When blockchains started creating a real buzz, I got curious. I was lucky that I did some reading before jumping in. At the very beginning I was actually a bit skeptical. If you're going to put everyone's transactions on a blockchain, how is that going to scale? When I came across Solana, the focus on scalability stood out. This was a project actually building something that could work at scale. I consider myself lucky that I started in Solana directly.
I didn't jump in all at once. I was still working in academia and started doing two hours a week of Solana work. That quickly became four hours, because you can't really do much in two. After about four or five months of that, I realized I was already spending way more than four hours on it and having a lot of fun. That was the moment I went full time.

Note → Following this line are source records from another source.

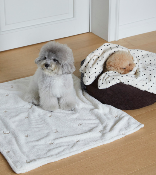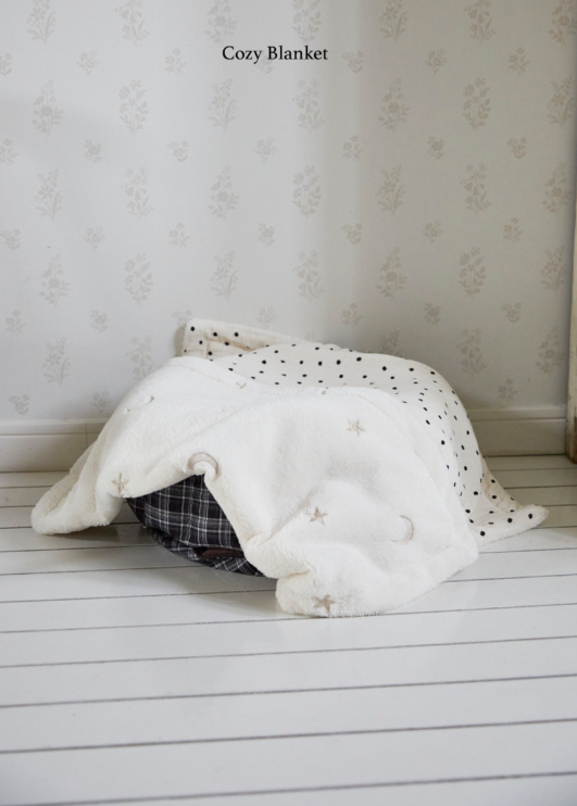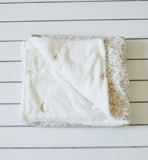 やわらかい極細糸で可愛い星・月刺繡が入っているふわふわのブランケットです
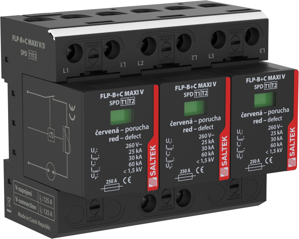 Saltek FLP-B+C MAXI V/3 kombinovaný svodič bleskových proudů a přepětí, vhodné pro 3-fázový systém TN-C, instalace na vstupu do budovy, 75 kA (10/350), 180 kA (8/20)
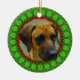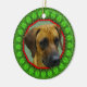 En härliga Rhodesian Ridgeback prydde ut i en ljus röd och grön julkran.
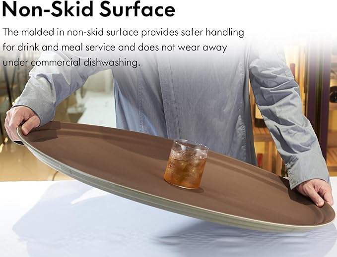 - Versatile Oval Shape - Ample 22" x 27" Black Non-Skid Oval Serving Tray. An industry standard for caterers, hotels, banquet halls, dining rooms, and bars.
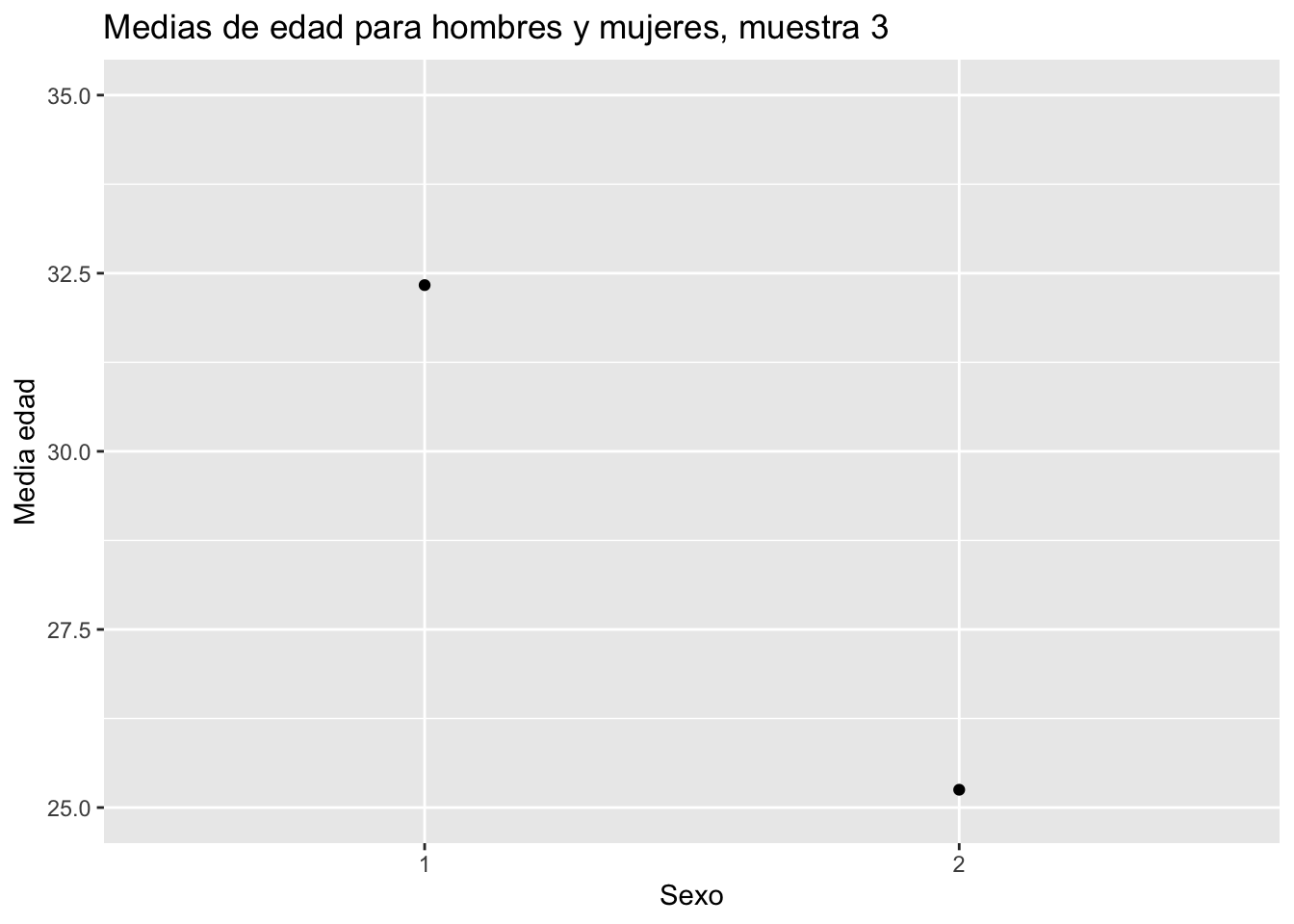 labs(title = "Medias de edad para hombres y mujeres, muestra 3",
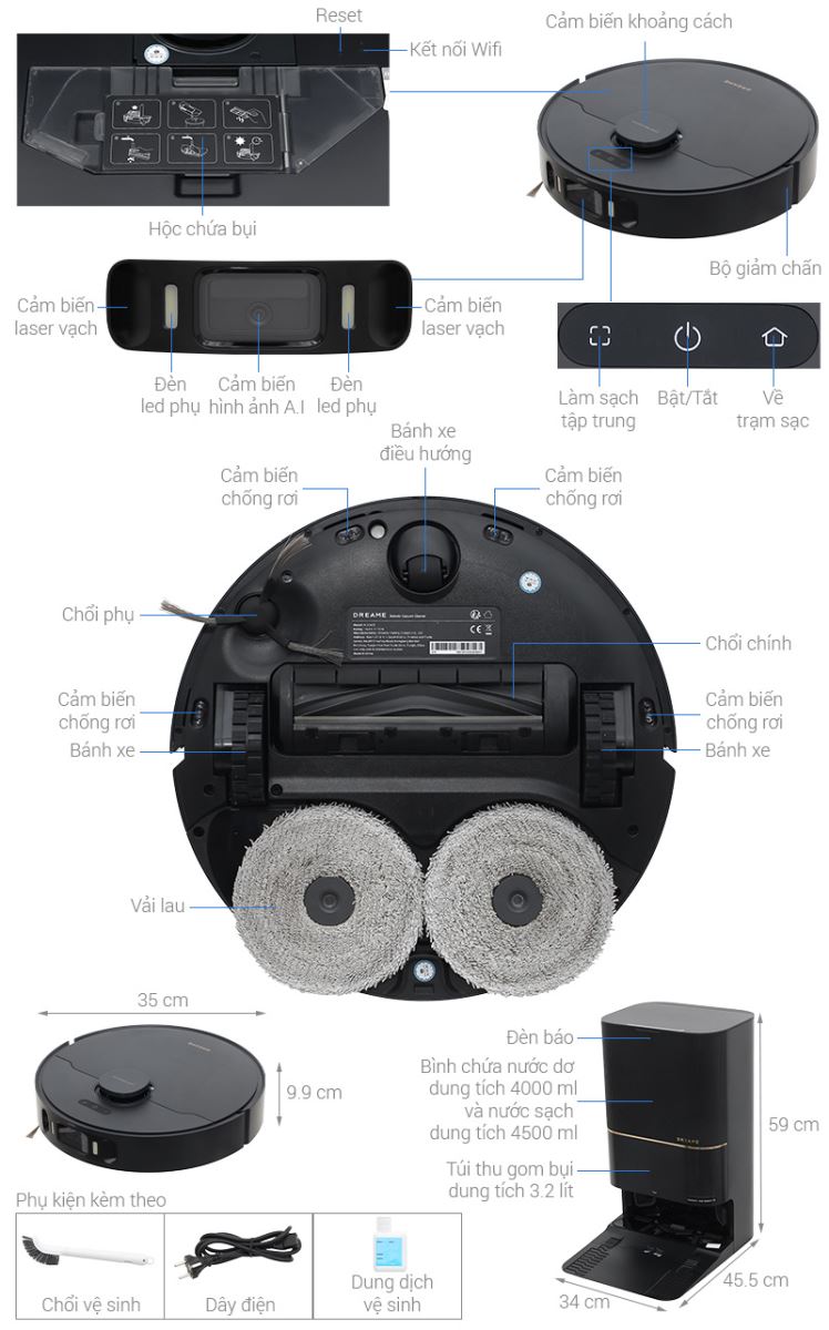 | - Tự động đổ bụi, giặt, sấy khô vải lau | |

The academic background still shows up in how I approach problems. Research trains you to define a problem precisely, find a metric, and iterate. A lot of what we did with p-token was exactly that: a clearly defined behavior to preserve, a clear metric to drive down, and a tight loop of measuring and changing one thing at a time.
The origin of Pinocchio
Q: Pinocchio started as a conversation with Jon Cinque at a London hacker house. What problem was discussed and when did you realize you were building something bigger than a refactor of solana-program?

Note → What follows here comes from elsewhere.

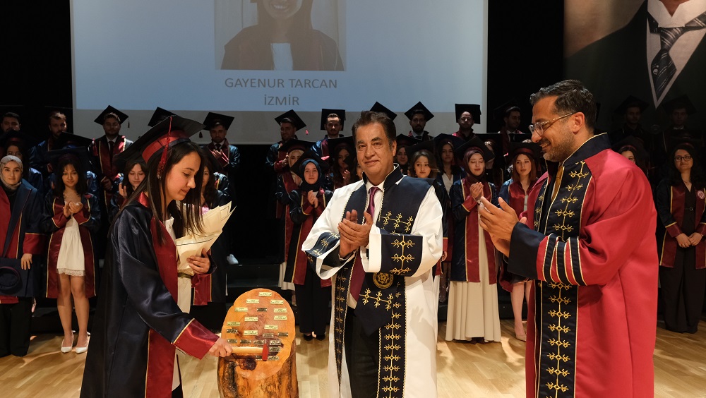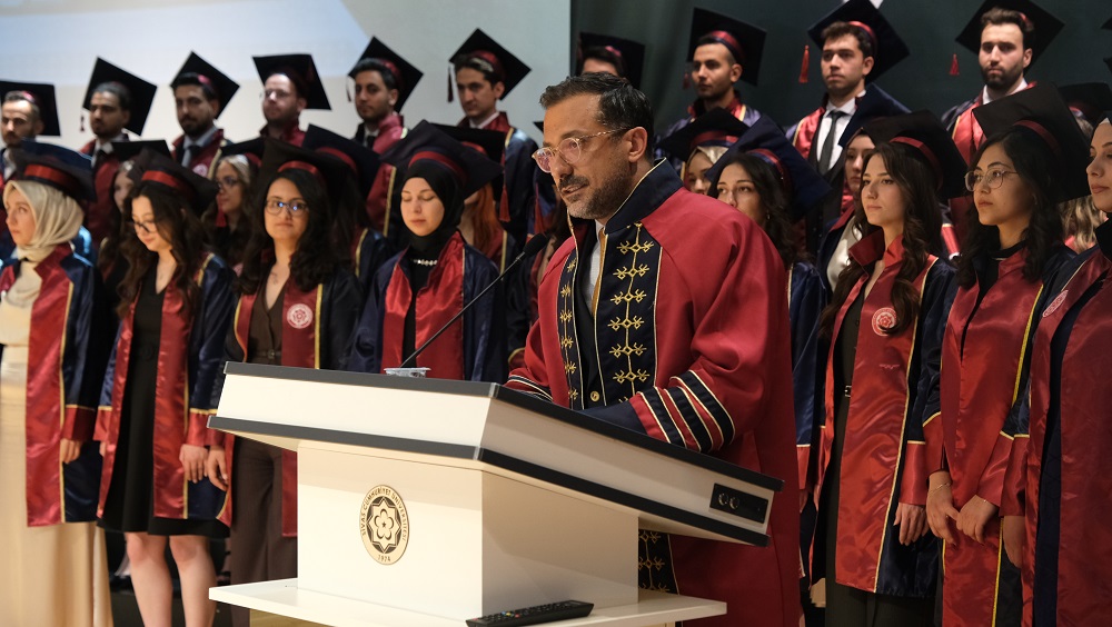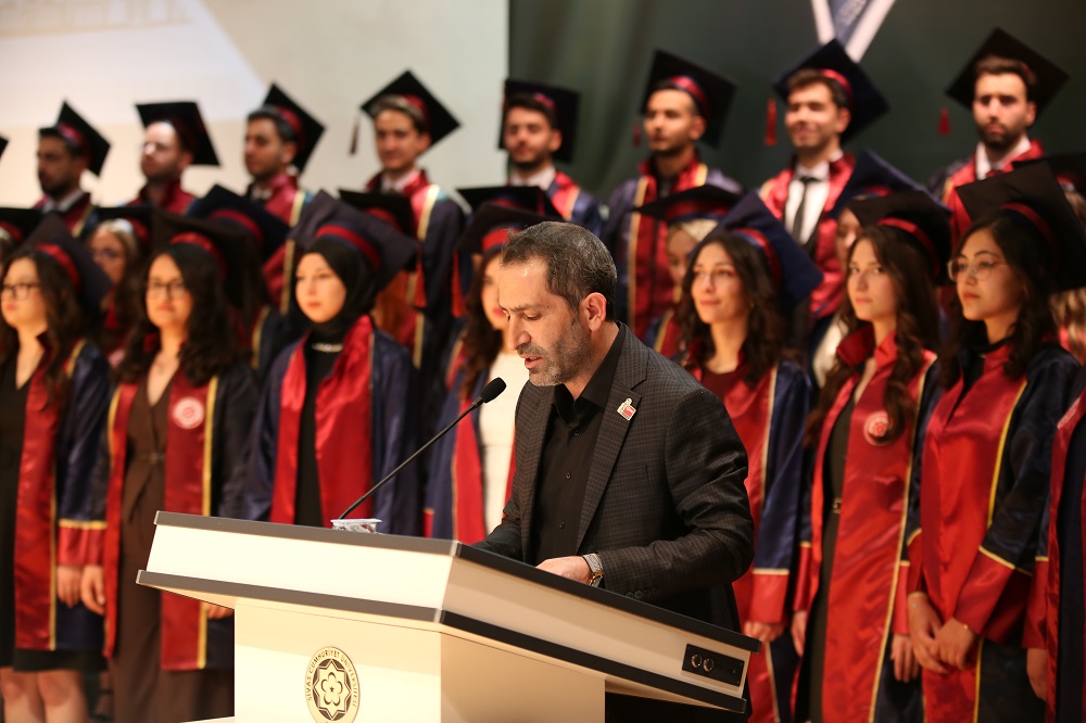 Şunu asla unutmayın ki, alacağınız her karar ve yapacağınız her müdahale, doğrudan insan hayatına dokunacak, insanların yaşam kalitesini etkileyerek sağlıklarına yön verecektir. Bu nedenle, mesleğinizi büyük bir saygı, sevgi ve sorumluluk bilinciyle icra etmeniz en büyük dileğimizdir. Bu kutsal görevi layıkıyla yerine getireceğinize, üniversitemizi ve ülkemizi en iyi şekilde temsil edeceğinize yürekten inanıyorum. Hepinize meslek hayatınızda başarılar diliyorum.” ifadelerine yer verdi.

There was no plan. I had just joined Anza, and the London hacker house happened to be a month after I started. It was the first time I was meeting Jon in person after joining. We weren't going there to design a new library.
That same week, people at the hacker house were running into yet another round of dependency conflicts. At the time, if you wanted to write a program, even if you were using Anchor, you needed the solana-program crate. That crate had a huge number of dependencies, many of which had nothing to do with on-chain programs. It existed to serve other use cases too, so it pulled in everything those use cases needed. It was extremely easy to end up with two versions of the same dependency in conflict, and there was no clean way to resolve it. That had happened three or four times in a short period, and it was happening again that week.

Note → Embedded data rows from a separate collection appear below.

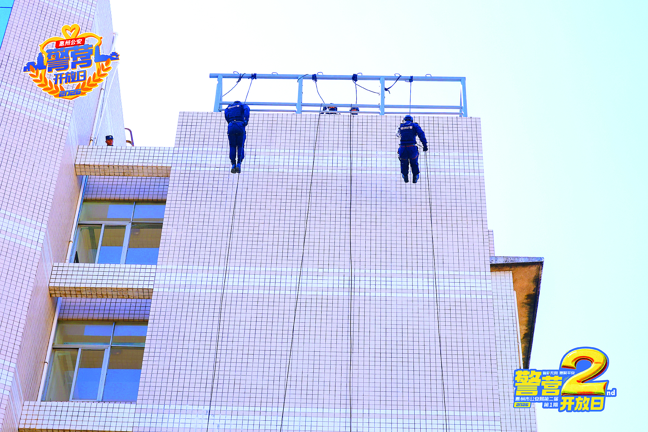 特警表演高空索降。
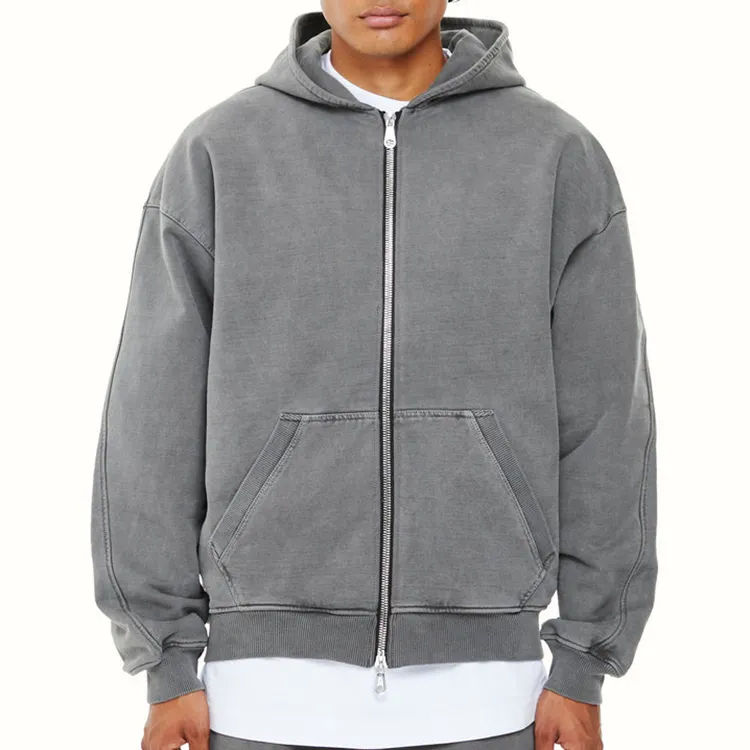 Product name:Drop shoulder zip up hoodie
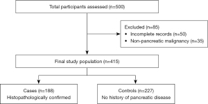The study included 415 participants, comprising 188 confirmed cases of PC and 227 control subjects. The case group included patients with a confirmed histopathological diagnosis of PC, complete medical records, and a recent diagnosis within the study period. Histopathological confirmation was based on the World Health Organization (WHO) Classification of Tumors of the Digestive System and national pathology guidelines (18).
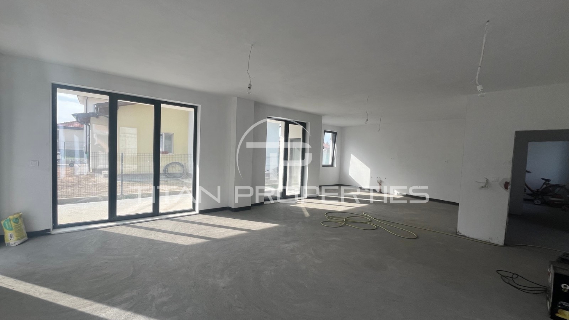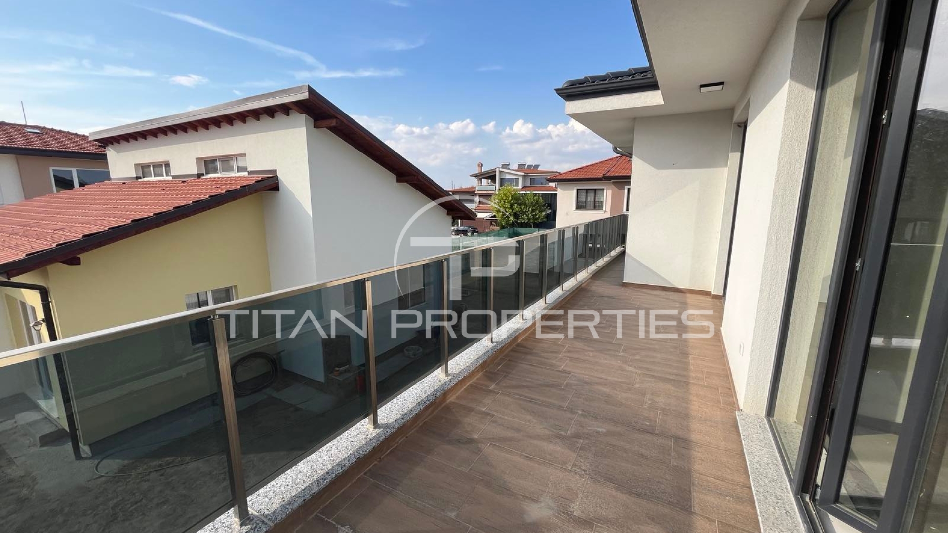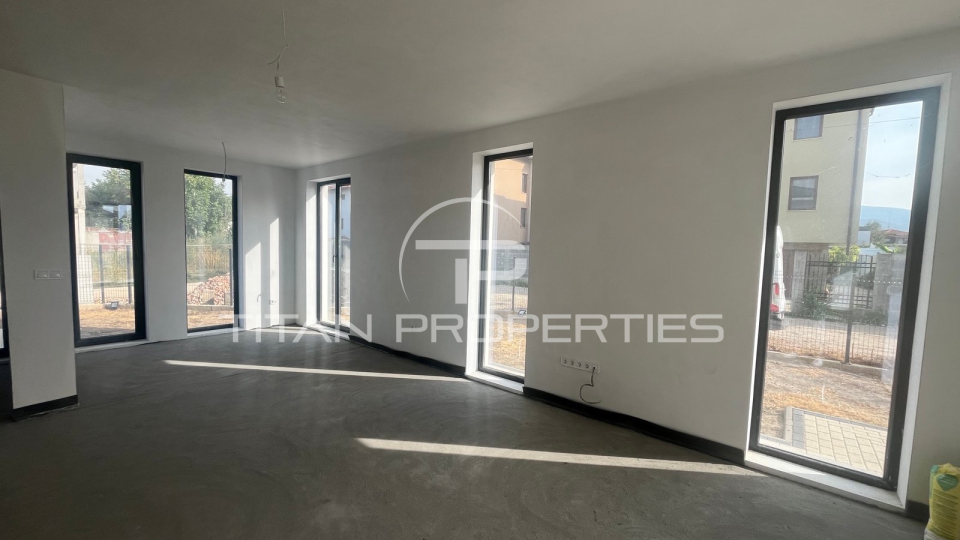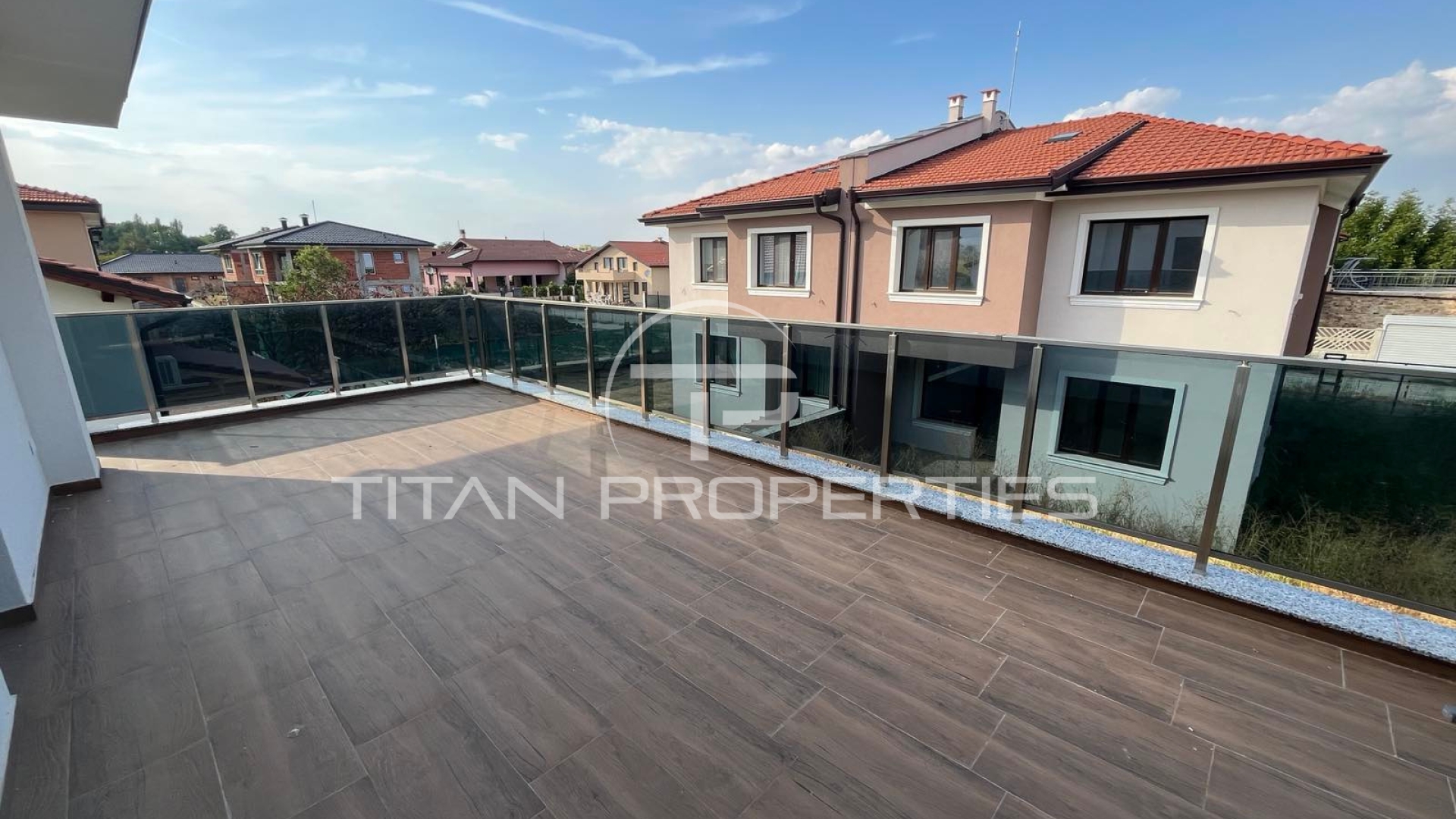 Къщата е ситуирана на два етажа и разполага с обща площ 290 кв.м., разгърната по следния практичен начин: 1-ви етаж: коридор,просторна дневна с кухнески бокс, кабинет,баня с тоалетна,килер; 2-ри етаж: спалня с баня и тоалетна,две спални,баня с тоалетна,голяма тераса. Имтът е самостоятелен, на шпакловка и замазка се предлага , изградено подово отопление, паркоместа в двора.

So I went to Jon and said, can we do something about this? The conversation started right there. The idea was simple: build a library focused on programs only, with no external dependencies. Jon picked the name Pinocchio in that same conversation. "No strings attached," because there are no dependency strings.
The catch is that if you don't bring in the SDK, you have to rewrite all the types you need from scratch. Pubkey, AccountInfo, instruction parsing, all of it. And once we started rewriting, we realized we had an opportunity to make those types more efficient than the SDK version. Cavey had already pointed out a few places where the SDK was doing more work than it needed to, so the timing was perfect. At the beginning, efficiency was not the main goal. The main goal was eliminating dependency conflicts. But once you're rewriting the foundation anyway, you may as well rewrite it well.
It started as a small experiment, almost a "let's see what this looks like" thing. Very quickly we saw that it worked, and that it was significantly more efficient. At that point the decision to keep pushing was easy.
From building p-token to getting it to mainnet
Q: At Breakpoint 2024 in Singapore, Jon walked up and said "we're writing a new token program, transfers need to be 200 CUs or less." It currently sits at 4,645 CUs. What was your initial plan, and did you know rewriting the program in Pinocchio was going to be the answer?
Using Pinocchio was the plan from day one. By Breakpoint 2024, we had already been working on Pinocchio for several months. The first public release was either out or very close, and we knew what kind of efficiency gains we could get from it. So when Jon said "200 CUs or less," I had a baseline reason to believe it was reachable, but I wasn't sure we could actually hit that target.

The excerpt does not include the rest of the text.